Return all the lines below exactly as written. Drop every picture.

____ INFORMATION SHOWN

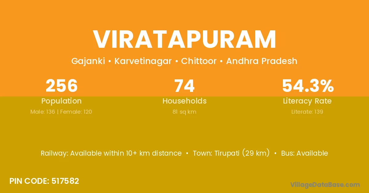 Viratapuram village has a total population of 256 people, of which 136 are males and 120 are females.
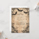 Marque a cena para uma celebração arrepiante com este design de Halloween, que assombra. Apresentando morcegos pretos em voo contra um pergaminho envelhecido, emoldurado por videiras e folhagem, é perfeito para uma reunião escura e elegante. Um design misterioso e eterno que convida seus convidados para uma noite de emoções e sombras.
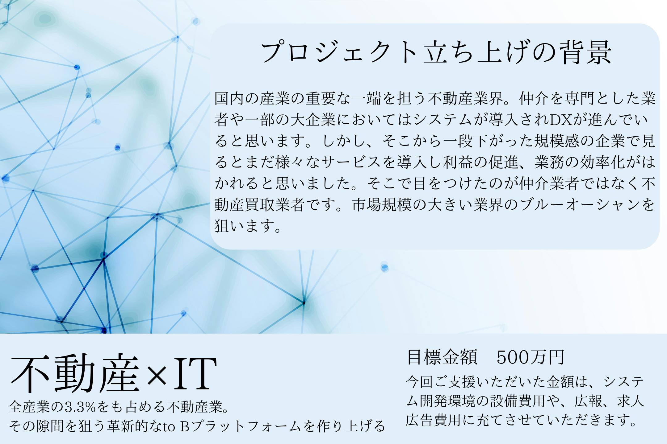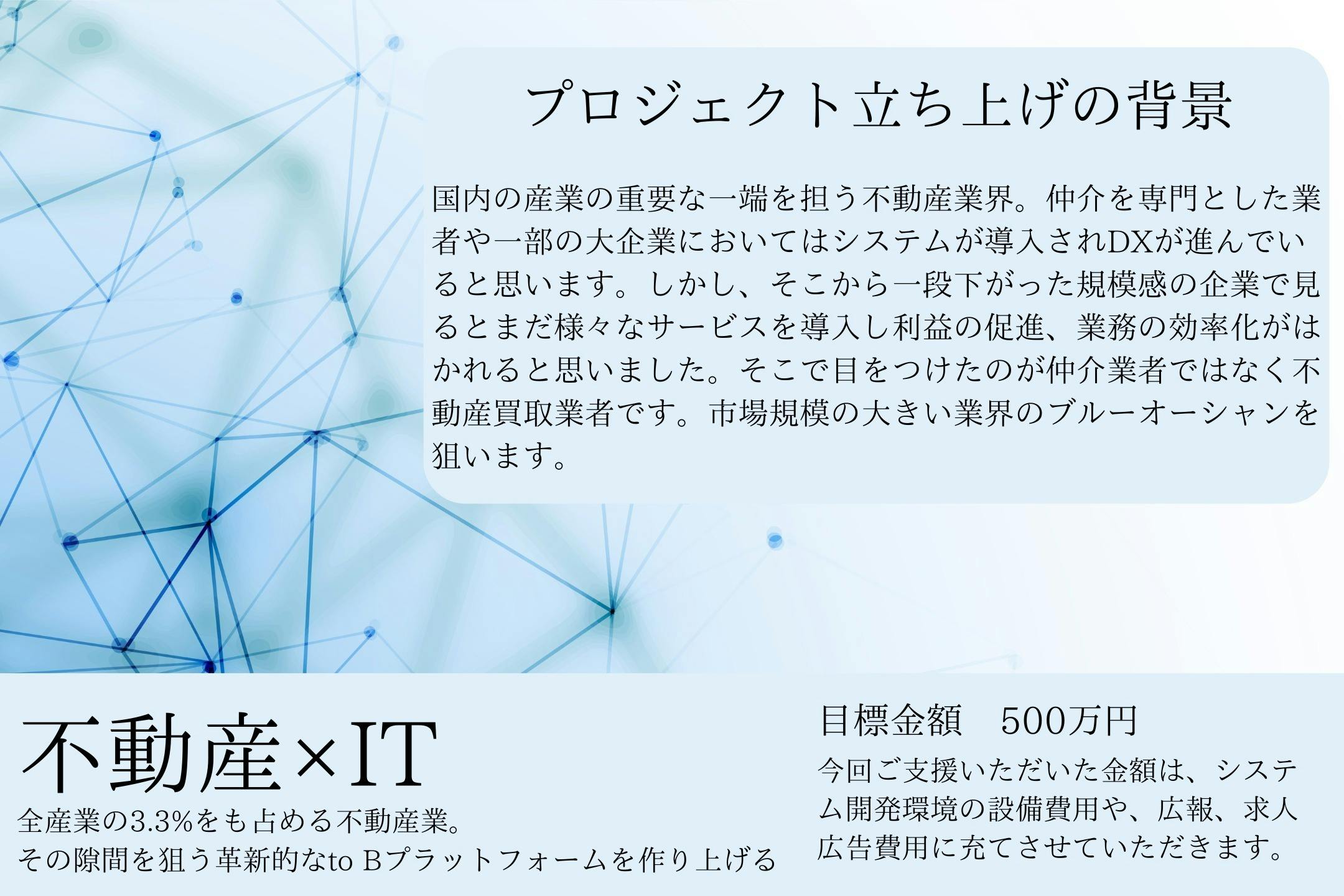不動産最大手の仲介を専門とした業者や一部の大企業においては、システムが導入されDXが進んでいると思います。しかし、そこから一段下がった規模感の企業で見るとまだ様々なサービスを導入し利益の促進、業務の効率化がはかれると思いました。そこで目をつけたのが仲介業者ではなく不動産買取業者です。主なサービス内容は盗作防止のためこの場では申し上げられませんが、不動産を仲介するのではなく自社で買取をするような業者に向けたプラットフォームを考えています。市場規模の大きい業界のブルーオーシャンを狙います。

________

**ANSWER SPACE**
 Viratapuram village has a total population of 256 people, of which 136 are males and 120 are females.
 Marque a cena para uma celebração arrepiante com este design de Halloween, que assombra. Apresentando morcegos pretos em voo contra um pergaminho envelhecido, emoldurado por videiras e folhagem, é perfeito para uma reunião escura e elegante. Um design misterioso e eterno que convida seus convidados para uma noite de emoções e sombras.
不動産最大手の仲介を専門とした業者や一部の大企業においては、システムが導入されDXが進んでいると思います。しかし、そこから一段下がった規模感の企業で見るとまだ様々なサービスを導入し利益の促進、業務の効率化がはかれると思いました。そこで目をつけたのが仲介業者ではなく不動産買取業者です。主なサービス内容は盗作防止のためこの場では申し上げられませんが、不動産を仲介するのではなく自社で買取をするような業者に向けたプラットフォームを考えています。市場規模の大きい業界のブルーオーシャンを狙います。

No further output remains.